# Your goal:
Write back every line of the listing exactly, excluding images.

# Given data:
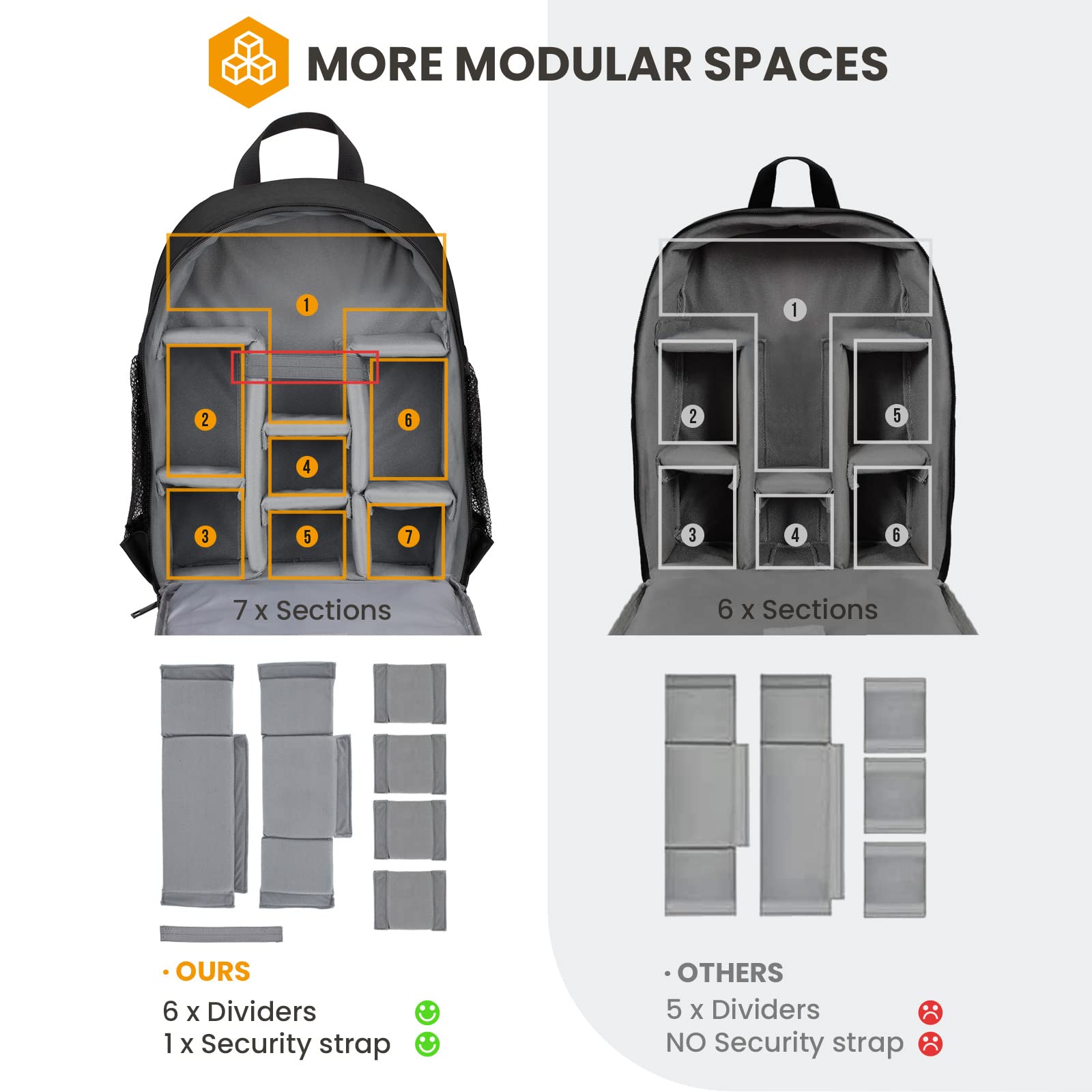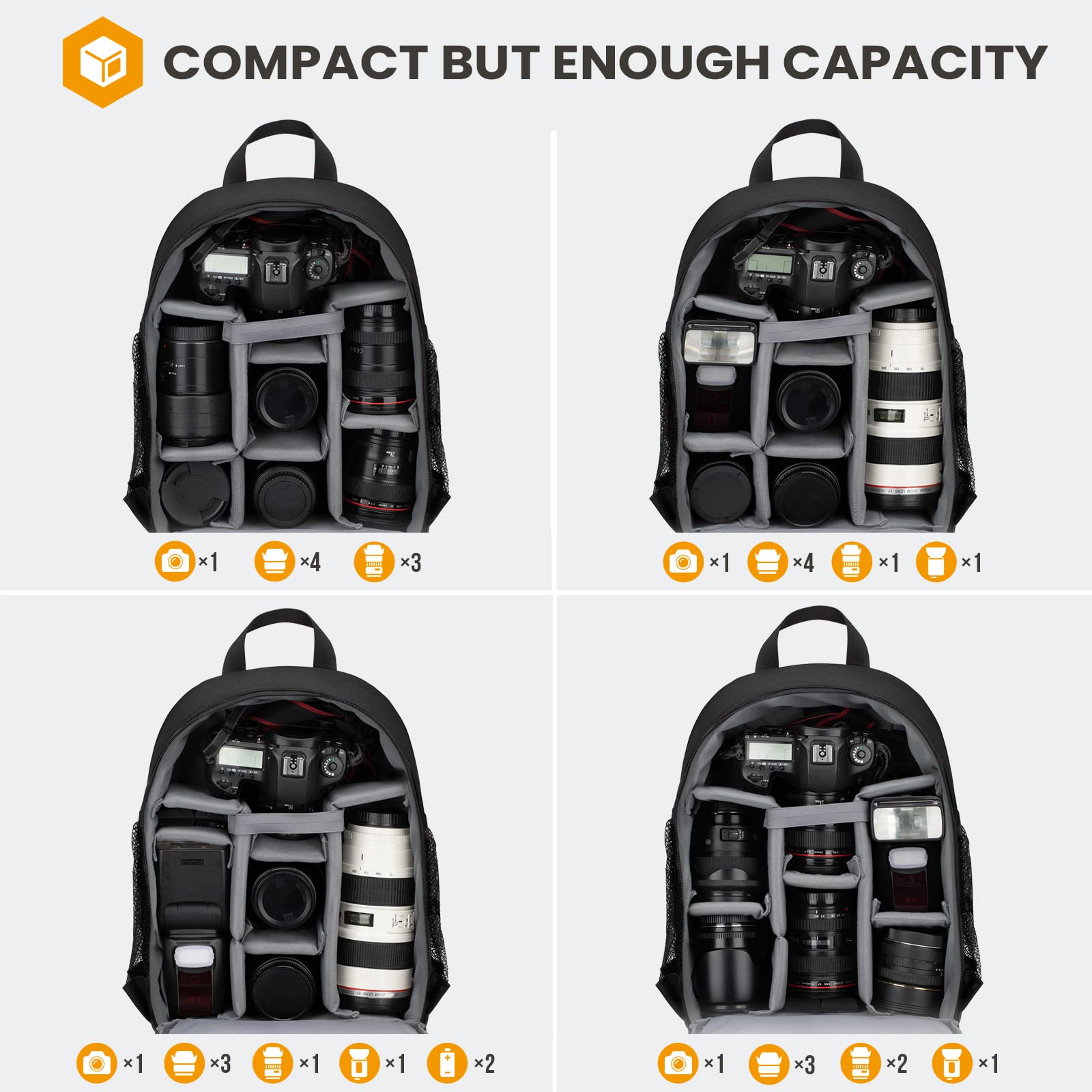 - Durable & Waterproof: Made from high-quality polyester material, this backpack features shockproof dividers and a waterproof rain cover to safeguard your gear in all conditions.
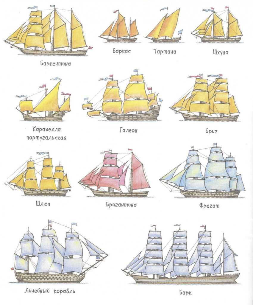 Разделение — условно, так как возможны сочетания прямых и косых парусов у всех типов.
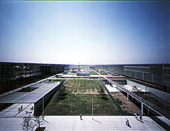 Saitama Prefectural University (1995-1999) location: Koshigaya, Saitama Prefecture principal use: university site area: 102,265.37m2 building area: 34,030.77m2 total floor area: 54,080.11m2 structure: steel framed reinforced concrete, reinforced concrete, precast concrete, and steel frame; 4 stories maximum height: 18,230mm architects: Riken Yamamoto & Field Shop associate architects: ISSO Atelier structural engineers: Takumi Orimoto Structural Engineer & Associates, Plus One Structural Des. & Eng. Firm mechanical engineers: Sogo Consultants landscape designers: Sowa Civil Engineering furniture and sign producers: A works furniture designers: Yasuo Kondo Design Office, Leading Edge Design sign designers: Hiromura Design Office acoustic designers: Nagata Acoustics textile designers: Taguchi Design Office lighting design collaborators: Lighting Planners Associates landscape design collaborators: studio on site artwork designers: Miho Akioka, Charles Ross, Zenji Funabashi, Fong Zhenning, Tatsuo Miyajima, Kikuma Mochizuki general contractors: JV of Obayashi, JDC Corporation, Kabuki Construction and UDK JV of Shimizu, Oki and Shoei JV of Tokyu, Wako and Kawaguchi Construction JV of Mitsui, Mitsuwa and Matsunaga JV of Takamoto, Sumida and Nojiri completion date: January, 1999 next back top |
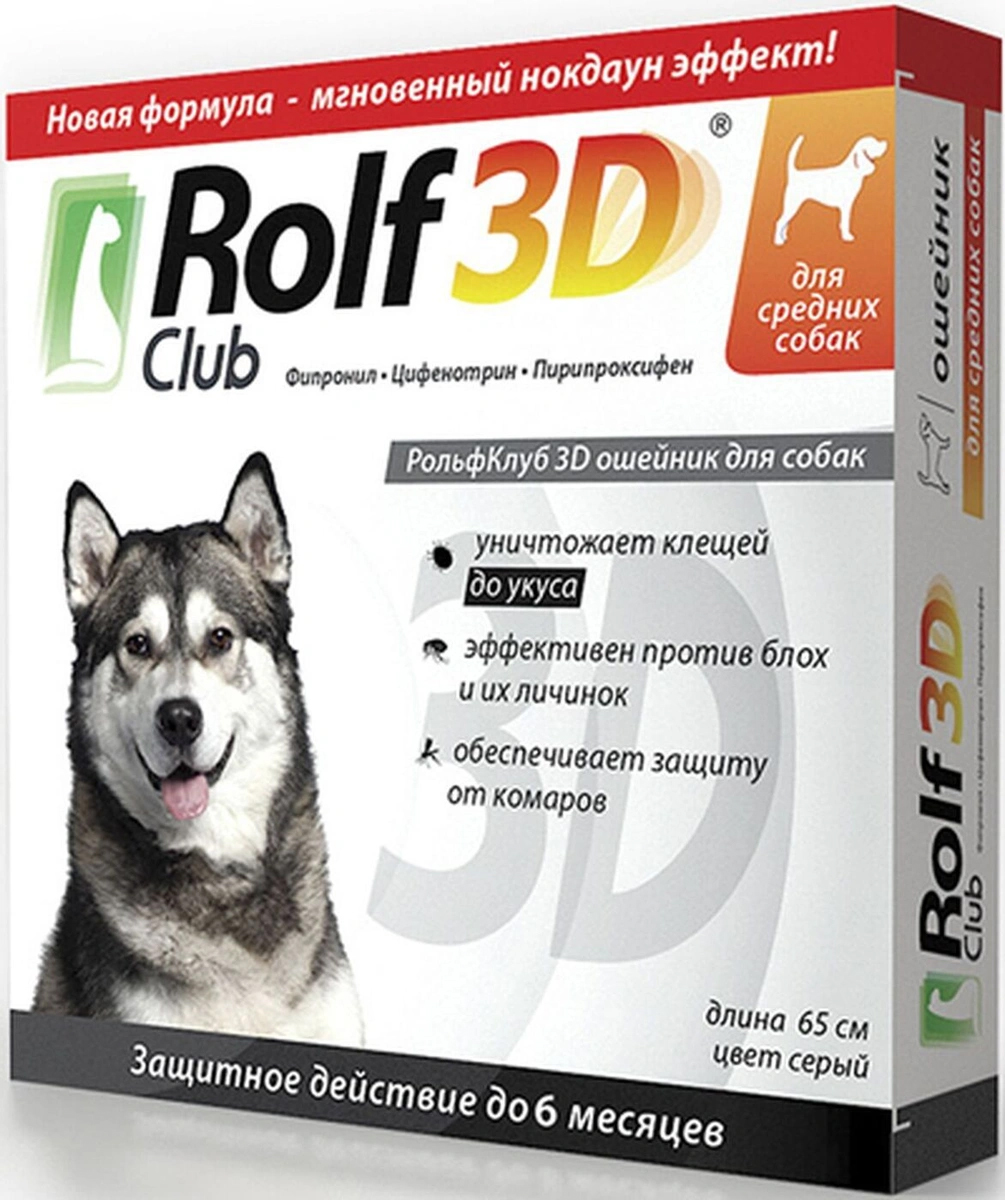 РольфКлуб 3D ошейник для собак применяют для лечения и профилактики арахноэнтомозов, вызываемых блохами, вшами, власоедами, иксодовыми клещами, защиты собак от нападения двукрылых кровососущих насекомых и профилактики трансмиссивных заболеваний (бабезиоз, боррелиоз, дирофиляриоз).Противопоказанием к применению РольфКлуб 3D ошейника для собак является индивидуальная повышенная чувствительность животного к компонентам препарата. Не следует применять препарат больным инфекционными болезнями и выздоравливающим животным, а также щенкам моложе 3-месячного возраста. Применение ошейника беременным и кормящим животным возможно после консультации с ветеринарным врачам.Используют для уничтожения блох, вшей, власоедов и иксодовых клещей, паразитирующих на собаках, а также для защиты животных от их нападения.РольфКлуб 3D ошейник для собак содержит в качестве действующих веществ фипронил - 5%, d-цифенотрин - 5%, пирипроксифен - 2% и вспомогательные вещества: поливинилхлорид-С-70-59-М - 40%, мел - 20%, ди-(2-этилгексил)-фталат (ДОФ) - 17,3%, масло эпоксидированное соевое - 6%, краситель Pigment Concentrate Master batch Name 6314 (Grey) - 2%, кальция стеарат - 0,9%, свинец сернокислый трехосновной - 0,9% и диоксид титана - 0,9%.

# Output:
 - Durable & Waterproof: Made from high-quality polyester material, this backpack features shockproof dividers and a waterproof rain cover to safeguard your gear in all conditions.
 Разделение — условно, так как возможны сочетания прямых и косых парусов у всех типов.
 Saitama Prefectural University (1995-1999) location: Koshigaya, Saitama Prefecture principal use: university site area: 102,265.37m2 building area: 34,030.77m2 total floor area: 54,080.11m2 structure: steel framed reinforced concrete, reinforced concrete, precast concrete, and steel frame; 4 stories maximum height: 18,230mm architects: Riken Yamamoto & Field Shop associate architects: ISSO Atelier structural engineers: Takumi Orimoto Structural Engineer & Associates, Plus One Structural Des. & Eng. Firm mechanical engineers: Sogo Consultants landscape designers: Sowa Civil Engineering furniture and sign producers: A works furniture designers: Yasuo Kondo Design Office, Leading Edge Design sign designers: Hiromura Design Office acoustic designers: Nagata Acoustics textile designers: Taguchi Design Office lighting design collaborators: Lighting Planners Associates landscape design collaborators: studio on site artwork designers: Miho Akioka, Charles Ross, Zenji Funabashi, Fong Zhenning, Tatsuo Miyajima, Kikuma Mochizuki general contractors: JV of Obayashi, JDC Corporation, Kabuki Construction and UDK JV of Shimizu, Oki and Shoei JV of Tokyu, Wako and Kawaguchi Construction JV of Mitsui, Mitsuwa and Matsunaga JV of Takamoto, Sumida and Nojiri completion date: January, 1999 next back top |
 РольфКлуб 3D ошейник для собак применяют для лечения и профилактики арахноэнтомозов, вызываемых блохами, вшами, власоедами, иксодовыми клещами, защиты собак от нападения двукрылых кровососущих насекомых и профилактики трансмиссивных заболеваний (бабезиоз, боррелиоз, дирофиляриоз).Противопоказанием к применению РольфКлуб 3D ошейника для собак является индивидуальная повышенная чувствительность животного к компонентам препарата. Не следует применять препарат больным инфекционными болезнями и выздоравливающим животным, а также щенкам моложе 3-месячного возраста. Применение ошейника беременным и кормящим животным возможно после консультации с ветеринарным врачам.Используют для уничтожения блох, вшей, власоедов и иксодовых клещей, паразитирующих на собаках, а также для защиты животных от их нападения.РольфКлуб 3D ошейник для собак содержит в качестве действующих веществ фипронил - 5%, d-цифенотрин - 5%, пирипроксифен - 2% и вспомогательные вещества: поливинилхлорид-С-70-59-М - 40%, мел - 20%, ди-(2-этилгексил)-фталат (ДОФ) - 17,3%, масло эпоксидированное соевое - 6%, краситель Pigment Concentrate Master batch Name 6314 (Grey) - 2%, кальция стеарат - 0,9%, свинец сернокислый трехосновной - 0,9% и диоксид титана - 0,9%.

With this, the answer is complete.